Tuesday, February 15, 2011

Applying Business Intelligence to Bug Tracking

Last week I released AnkiDroid 0.5.1, and judging by the Android Market's comments, people seem to love it :-)

Since a few releases already, an opt-in feedback mechanism sends us a report everytime a problem happens. The anonymous reports are automatically scanned by a Google App Engine application to determine whether it is a new bug or just an additional occurrence of an already known bug. The data can be exploited in two ways:

1) An online application allows one to browse the reports and bugs, see which bugs happen the most often for a given version, and associate them with issues in the bug tracker.

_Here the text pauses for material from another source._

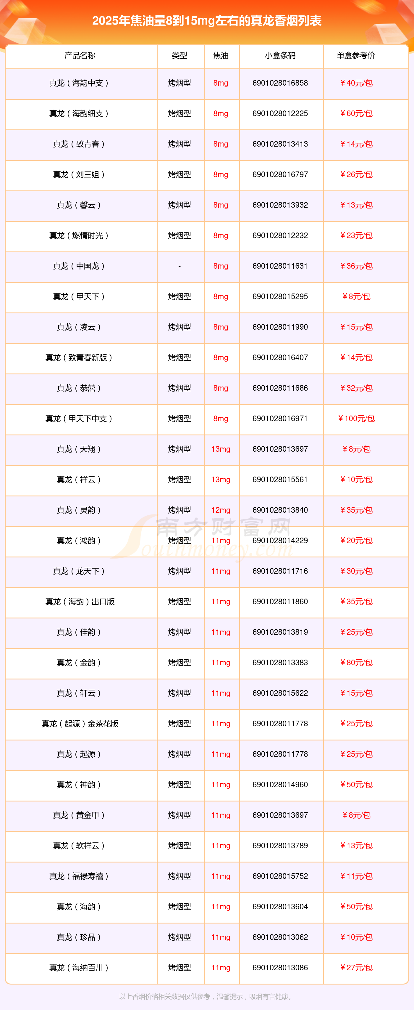 真龍香煙焦油量8到15mg左右的煙有真龍(海韻中支)、真龍(海韻細(xì)支)、真龍(致青春)、真龍(劉三姐)、真龍(馨云)、真龍(燃情時(shí)光)、真龍(中國(guó)龍)、真龍(甲天下)、真龍(凌云)、真龍(致青春新版)等,詳細(xì)價(jià)格如下:

2) A set of Business Intelligence tools allows one to drill-down reports in a multidimensional OLAP cube, and generate reports to show any interesting findings. As a quick example, here is the distribution of crashes among Android versions. Those tools use the open source Pentaho Business Intelligence suite.

Friday, February 4, 2011

Alfresco: Categories vs. Spaces

Managing huge amounts of documents requires to know the limits of the ECM software you are using. Here is a study I performed about the limits and best strategies for Alfresco.

Categories vs. Spaces

In Alfresco, documents are usually hierarchized in spaces (kind of folder). But how about using Alfresco's "categories" feature instead of spaces?

Note: For all graphs in this article, horizontal axis = number of documents, vertical axis = time taken in milliseconds

This graph shows the time taken to show a space, based on the number of document this space contains, and the same for a category. There are no sub-categories nor sub-spaces involved.
For the same number of documents, categories show faster than spaces. That is especially true for above 100 documents. In a space, time is proportional to the number of documents. In a category, time is more logarithmic.
For huge numbers of documents, categories show in less than 3 seconds, whereas spaces take a very long time only to show Java errors related to a shortage of memory.

Impact of the spaces hierarchy on performance

To measure the impact of hierarchy, a comparison was done between two file spaces organization strategies:
(1) All files in about five spaces.
(2) Each file contained in its own 3 levels of sub-spaces (subspace1/subspace2/subspace3/file).

This graph shows the time taken by Alfresco's explorer to show a category, based on the number of documents that are shown.
Surprisingly, having the files scattering in a lot of different folders is more efficient.
Alfresco seems to have difficulties handling many files in the same space.
This has to be taken into account when analyzing the category performance tests, they use strategy (1), the slowest.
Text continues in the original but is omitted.